There was no time for a run this morning, so I went upstairs and did a quick leg workout (tons of squats, lunges, jumping jacks and an eternal wall sit!)  And then an hour of Just Dance.  (I only intended to stay there for 30 minutes, but the time just flies with that thing...and I always want to do the song one more time to see if I can beat anyone's high score.)  

By 9:00, I had cleaned (sort of...there's still more to do), read my scriptures, exercised, and drank 4 glasses of water.  But that scattered feeling was still there...ugh!  (It probably didn't help that instead of my spinach smoothie, I opted for two pieces of zucchini bread for breakfast...)
430 calories!!...seriously??

So, instead of jumping in the shower and then plowing forth with the next 20 things on my To Do list...I decided to take a minute and listen to a Conference talk.  I didn't have a specific one in mind, so I just listened to the one on the front page of http://lds.org
It's actually not a Conference talk.  It's the First Presidency message for January called Living the Abundant Life.  It's short...less than 10 minutes to listen to...but totally filled with the perfect things that I needed to hear to get me out of that overworked, oppressed, hopeless feeling I started the day with.  
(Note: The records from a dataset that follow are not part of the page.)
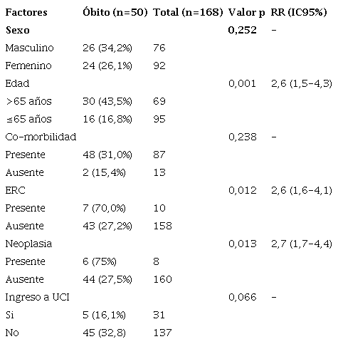 La mortalidad se presentó en 50 pacientes (29,7%), fallecieron 5 pacientes de los 31 ingresados a la unidad de cuidados intensivos (16,1%) y 45 (32,8%) de los 137 que estaban internados en salas de internación, la diferencia no llegó a ser significativa. La edad mayor a 65 años se asoció con la mortalidad (p= 0,001). Las patologías de base como IRC y neoplasia se relacionaron al óbito. Ver tabla 3
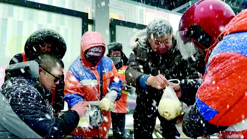 近日,威海迎来寒潮天气。坚守在一线的外卖员、快递小哥、环卫工人等牵动着“娘家人”的心。威海各级工会纷纷为一线职工送去防寒物资,实现跨越寒冬的暖心奔赴。图为工会工作人员为清雪一线的环卫职工送去热腾腾的肉包子和小米粥。 (本报通讯员 陈凤高 摄)
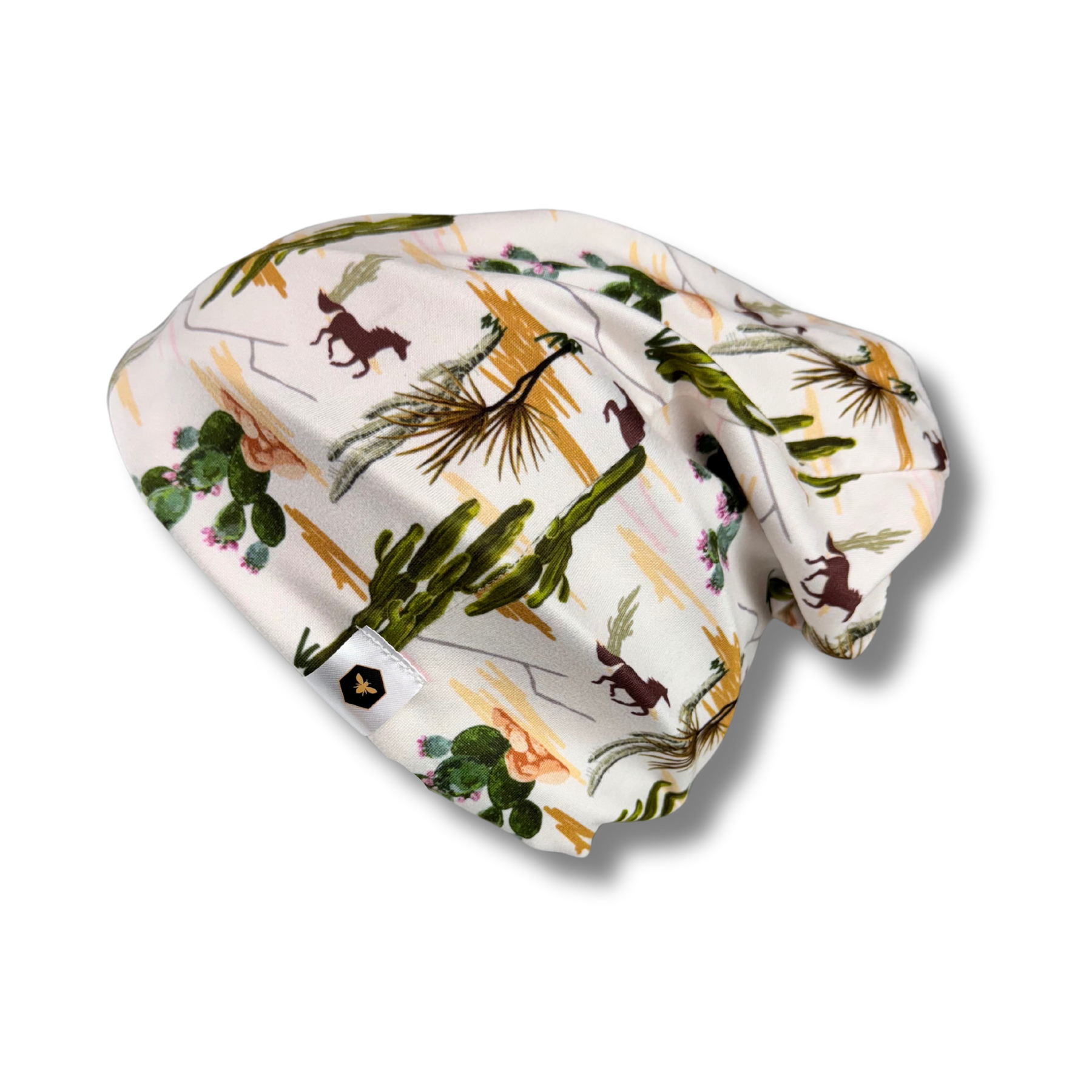 Beanies may be machine dried on low or medium heat with like fabrics. Washing or drying with rough fabrics or velcro items may cause snags or pulls.
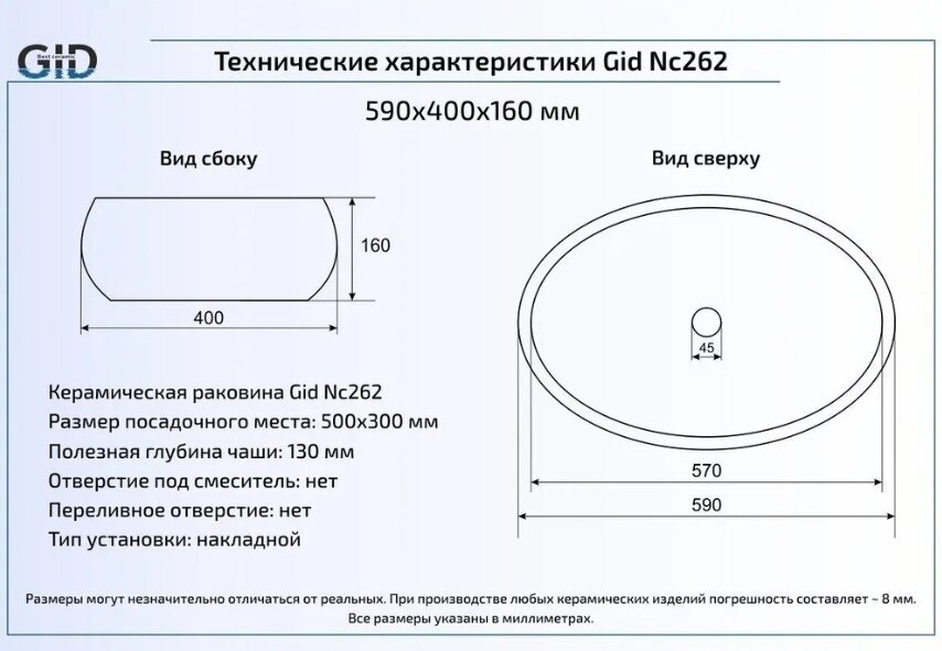 Раковина Gid Color Edition Nc262 59x40x16 см накладная белый с серебряным 10 350 ₽ Подробнее
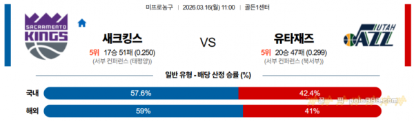 2026-03-16 11:00 NBA 새크라멘토 킹스 유타 재즈
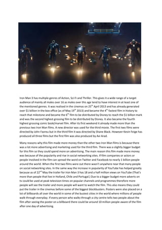 Iron Man 3 stars Robert Downey Jr. as Tony Stark who faces threats from a terrorist group called the Mandarin. After Stark's home is attacked, he tracks members of the Mandarin group to Tennessee. He discovers the Mandarin is a creation of Aldrich Killian seeking revenge against Stark. Killian's plan is to kidnap the President, but Stark works to defeat Killian and rescue Pepper Potts, saving the President. The film was a major box office success, grossing over $1 billion due to extensive marketing using social media and other techniques not available for earlier Iron Man films.
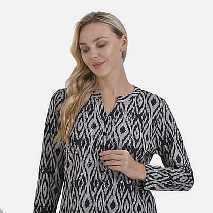 Upgrade your everyday wardrobe with this La Marey rhinestone embellished notch-neck tee, designed for both comfort and style. The elegant V-neckline with a subtle button detail offers versatility—wear it buttoned for a neat, refined look or unbuttoned for a relaxed appeal. The striking geometric print adds a modern touch, making it an eye-catching choice for any casual or semi-formal occasion. Crafted from soft, breathable fabric, this blouse provides all-day ease, while the full sleeves make it ideal for layering or wearing on its own. Pair it effortlessly with jeans, trousers, or skirts for a smart yet comfortable ensemble.
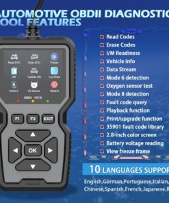 أداة فحص تشخيص أعطال السيارات الاحترافية OBD2، كاشف أعطال المحرك يعمل بمنفذ USB، قارئ أكواد، جهاز اختبار البطارية، حالة الاستعداد I/M، ماسح ضوئي للأكواد، يدعم 10 لغات، بدون بطارية
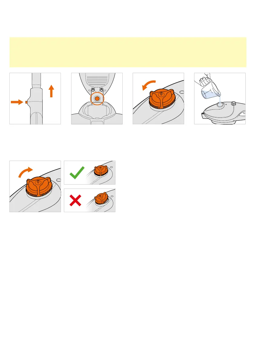 IMPORTANT: Never turn the machine over when water is in the tank, as some water may leak through the air valve.
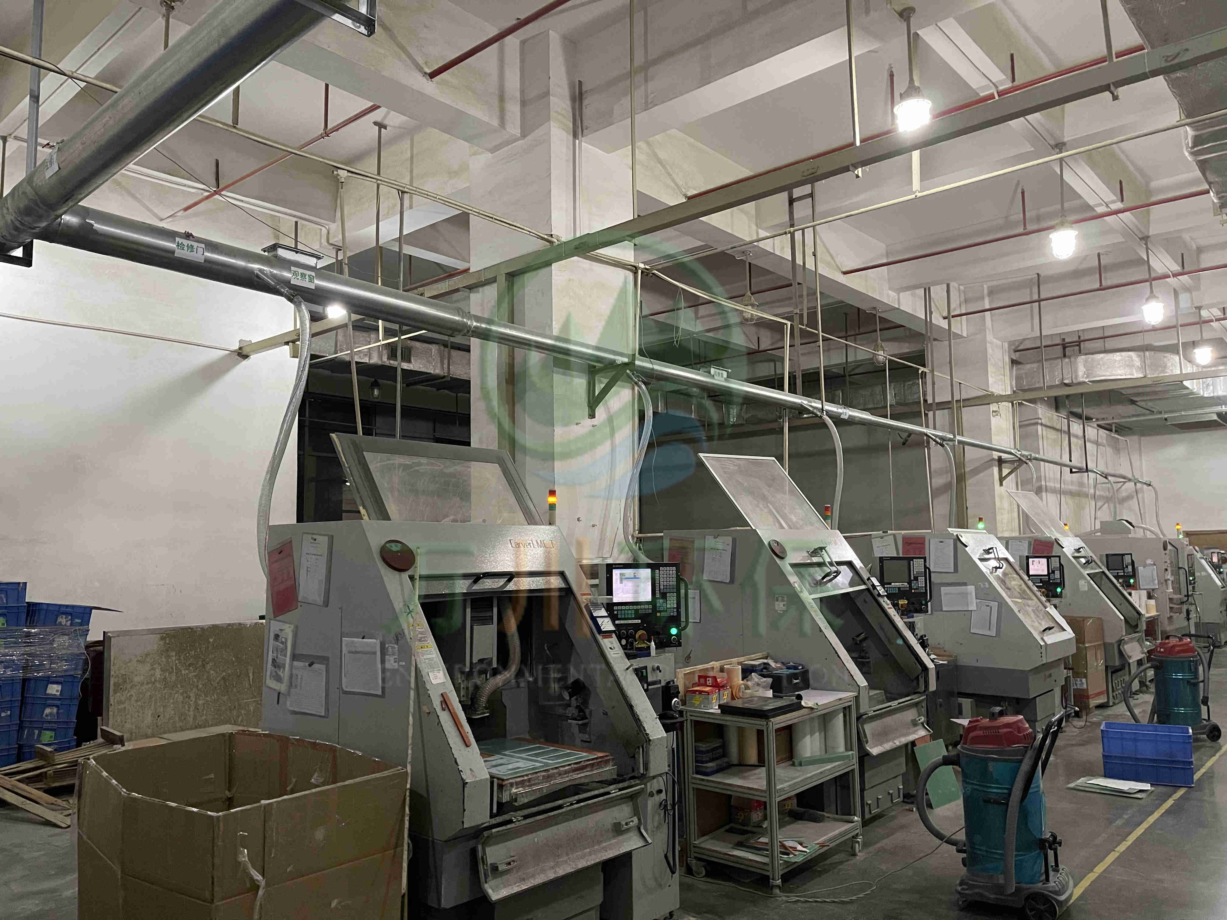 對車間11臺精雕機進行中央集塵,改善車間環(huán)境,符合當?shù)嘏欧艠藴屎头辣?/span>

President Monson challenged all of us to make a significant quest this year for the abundant life.  And then he gave three ways to do that...
Have a positive Attitude.
Believe in yourself.
Face challenges with Courage.

The attitude one stood out for me today.  I had a crappy attitude about my in-laws coming this week.  It's busy here...but when is it not busy here??  The Scout Master will be on a camp out tonight, so I have to pick them up from the airport.  June has to sleep in my closet for the week.  
I had a crappy attitude about going Visiting Teaching...which I don't have to do after all because everyone cancelled...they could probably FEEL my stinky attitude.  :)  
I had a crappy attitude about pretty much everything this morning.


So to hear this quote...was apparently exactly what I needed.
I LOVE President Monson.  I love that his guidance and counsel is appropriate and timely every time I read his talks.  I love that that little message was the first thing I saw on lds.org.  And I LOVE that I listened to it.  
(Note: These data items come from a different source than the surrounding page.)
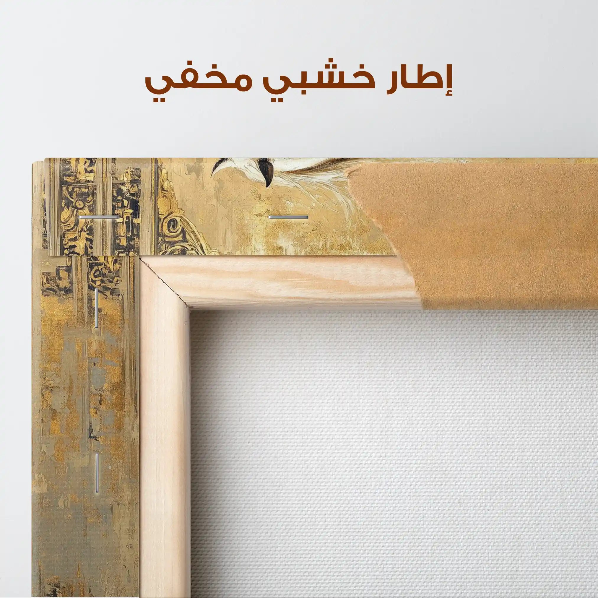 • الإطار (مجوف): إطار نحيف بفراغ رفيع يحيط باللوحة ليُبرز الحافة ويمنح ظلاً خفيفاً وإحساس صالات العرض؛ يصل جاهزاً للتعليق.
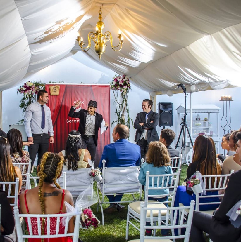 En un show divertido y personalizado, se hace participar a algunos invitados junto con los novios. Se presenta una rutina de 20 o 40 minutos llena de humor, intriga e ilusión.
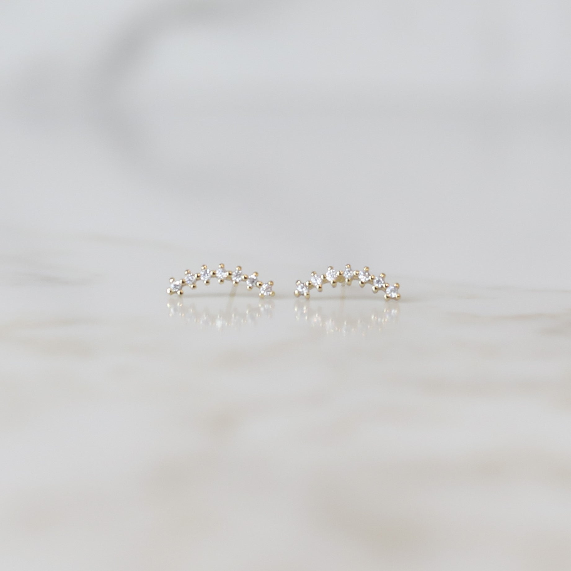 Ear climbers are the best earring option when you want the look of more!  Our Arch Ear Climbers are beautiful cubic zirconia stones in the shape of an arch for the ultimate sparkly look!
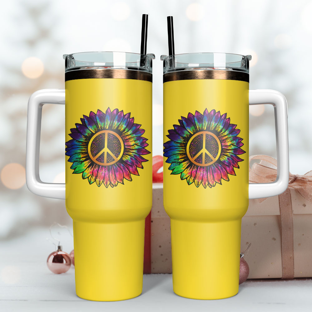 Flower Art Custom Stanley Quencher 40Oz Stainless Steel Tumbler With Handle
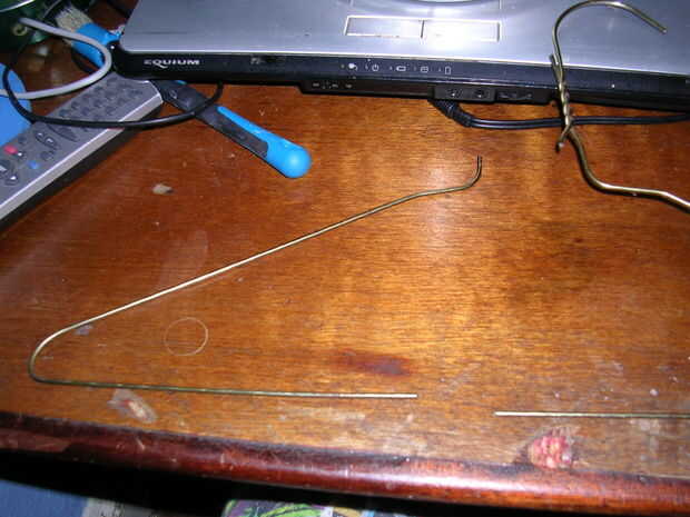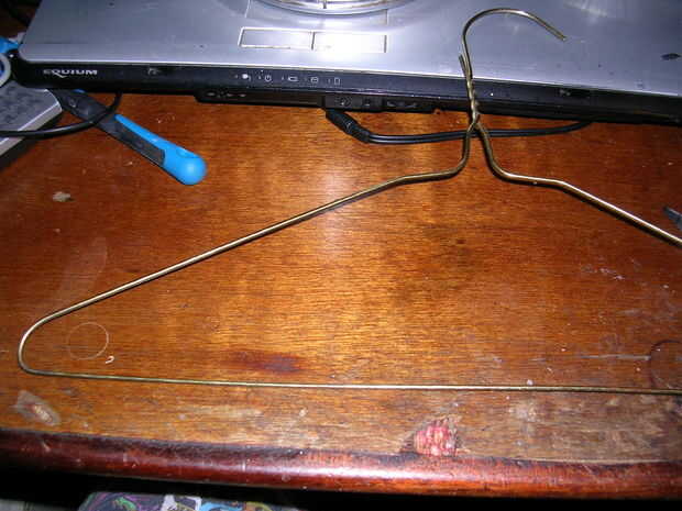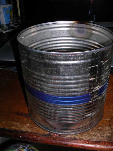 Ingredientes son simplemente una lata grande y una percha de alambre para hacer el mango.
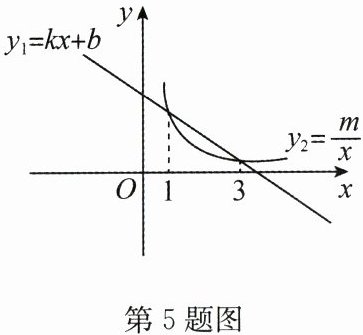 5. 已知一次函数$y_1 = kx + b(k \neq 0)$与反比例函数$y_2 = \frac{m}{x}(m \neq 0)$的图象如图所示,当$y_1 > y_2$时,自变量$x(x > 0)$满足的条件是

There are so many amazing things about house guests and scout camp outs and callings and the opportunities that we have everyday.  This life that I get to live is abundant and happy...except on the days when I make it miserable and drudgery.  Someone I talked to recently said, "If you're not happy, then it was all for nothing."  That's totally true.  I'm pretty sure the Savior didn't do all that he did so that I could whine and complain about having to wash sheets.
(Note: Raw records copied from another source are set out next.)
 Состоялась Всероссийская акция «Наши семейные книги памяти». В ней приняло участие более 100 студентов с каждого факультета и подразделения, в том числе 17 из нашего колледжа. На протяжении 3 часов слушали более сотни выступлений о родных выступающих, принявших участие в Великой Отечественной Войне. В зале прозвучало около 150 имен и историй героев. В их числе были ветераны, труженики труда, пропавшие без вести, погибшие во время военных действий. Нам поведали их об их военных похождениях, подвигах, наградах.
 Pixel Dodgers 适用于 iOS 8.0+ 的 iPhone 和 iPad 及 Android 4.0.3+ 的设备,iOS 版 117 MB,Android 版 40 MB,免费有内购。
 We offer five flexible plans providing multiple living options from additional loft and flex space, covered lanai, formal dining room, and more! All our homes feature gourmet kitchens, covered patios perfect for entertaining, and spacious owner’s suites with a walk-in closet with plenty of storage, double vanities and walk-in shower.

"I am come that they might have life, and that they might have it more abundantly." John 10:10


So, I'm deciding to exchange my crappy attitude for a better one today.  I love the Grs.  I love the quiet, calming effect they have on our home.  I love that the weather is beautiful here and that it will feel like spring to them.  I love that we have the room to comfortably fit 8 people in beds and around a dinner table each night.  I love that my visiting teachers and the women I get to visit are people I genuinely enjoy and learn from every single time I'm with them.  And I love that we have a Prophet who is inspired to always say just what I need to hear.